*PROVIDED MATERIAL*:
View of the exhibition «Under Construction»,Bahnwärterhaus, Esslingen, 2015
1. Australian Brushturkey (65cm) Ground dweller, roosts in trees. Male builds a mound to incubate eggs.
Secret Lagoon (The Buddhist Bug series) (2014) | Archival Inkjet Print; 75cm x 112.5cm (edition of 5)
* * *
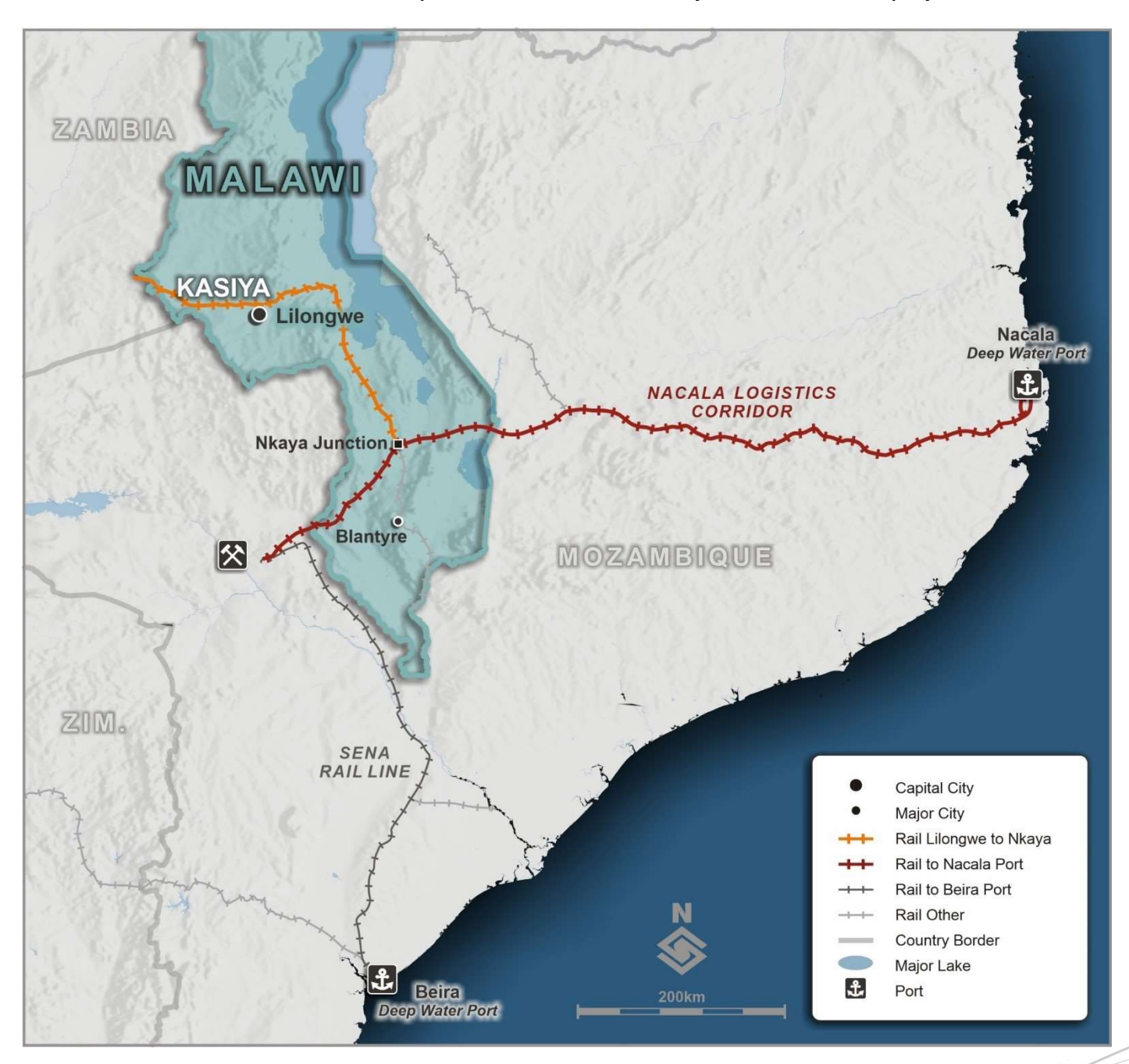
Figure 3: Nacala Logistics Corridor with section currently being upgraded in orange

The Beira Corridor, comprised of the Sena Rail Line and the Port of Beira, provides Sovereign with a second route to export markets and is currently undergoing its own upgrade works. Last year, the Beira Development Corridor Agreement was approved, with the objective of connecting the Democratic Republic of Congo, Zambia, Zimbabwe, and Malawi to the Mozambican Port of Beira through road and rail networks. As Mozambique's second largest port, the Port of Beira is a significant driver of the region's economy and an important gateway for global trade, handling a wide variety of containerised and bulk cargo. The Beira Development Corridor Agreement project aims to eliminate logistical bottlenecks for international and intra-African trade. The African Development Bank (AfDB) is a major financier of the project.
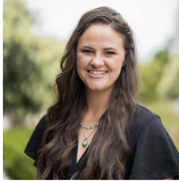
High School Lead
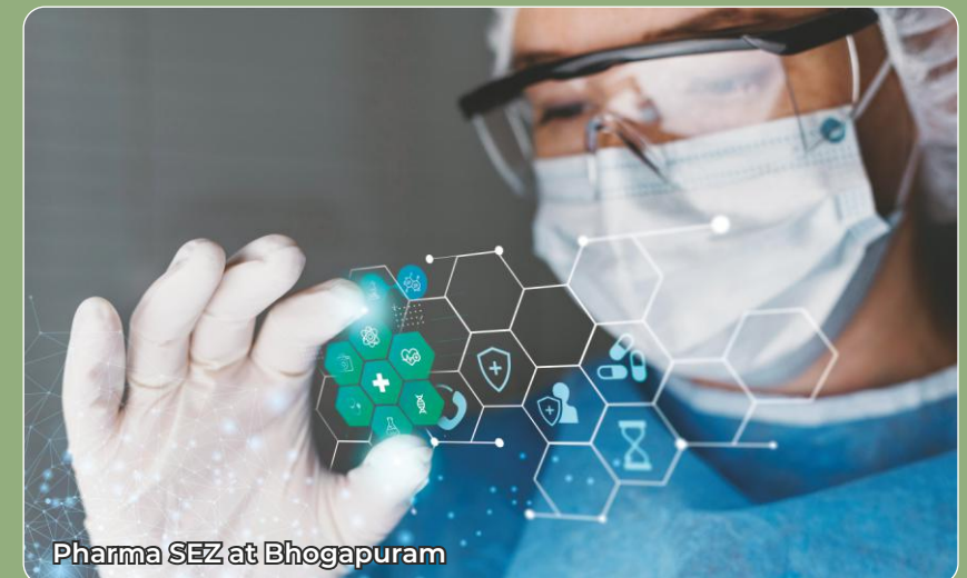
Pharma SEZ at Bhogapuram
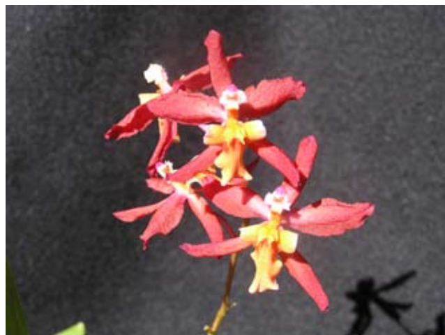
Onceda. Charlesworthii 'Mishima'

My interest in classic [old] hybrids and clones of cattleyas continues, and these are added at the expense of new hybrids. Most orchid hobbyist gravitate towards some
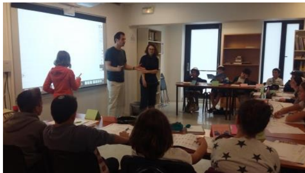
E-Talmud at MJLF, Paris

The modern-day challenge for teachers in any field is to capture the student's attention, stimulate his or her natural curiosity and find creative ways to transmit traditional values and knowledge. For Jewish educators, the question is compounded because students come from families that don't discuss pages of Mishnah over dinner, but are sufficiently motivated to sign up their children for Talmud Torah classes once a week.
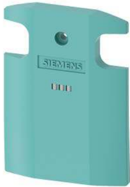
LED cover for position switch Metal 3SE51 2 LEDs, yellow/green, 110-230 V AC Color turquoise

*YOUR INSTRUCTIONS*:
Would you copy out each line of the records above where the word "Talmud" occurs?

*FINISHED TASK*:
E-Talmud at MJLF, Paris
The modern-day challenge for teachers in any field is to capture the student's attention, stimulate his or her natural curiosity and find creative ways to transmit traditional values and knowledge. For Jewish educators, the question is compounded because students come from families that don't discuss pages of Mishnah over dinner, but are sufficiently motivated to sign up their children for Talmud Torah classes once a week.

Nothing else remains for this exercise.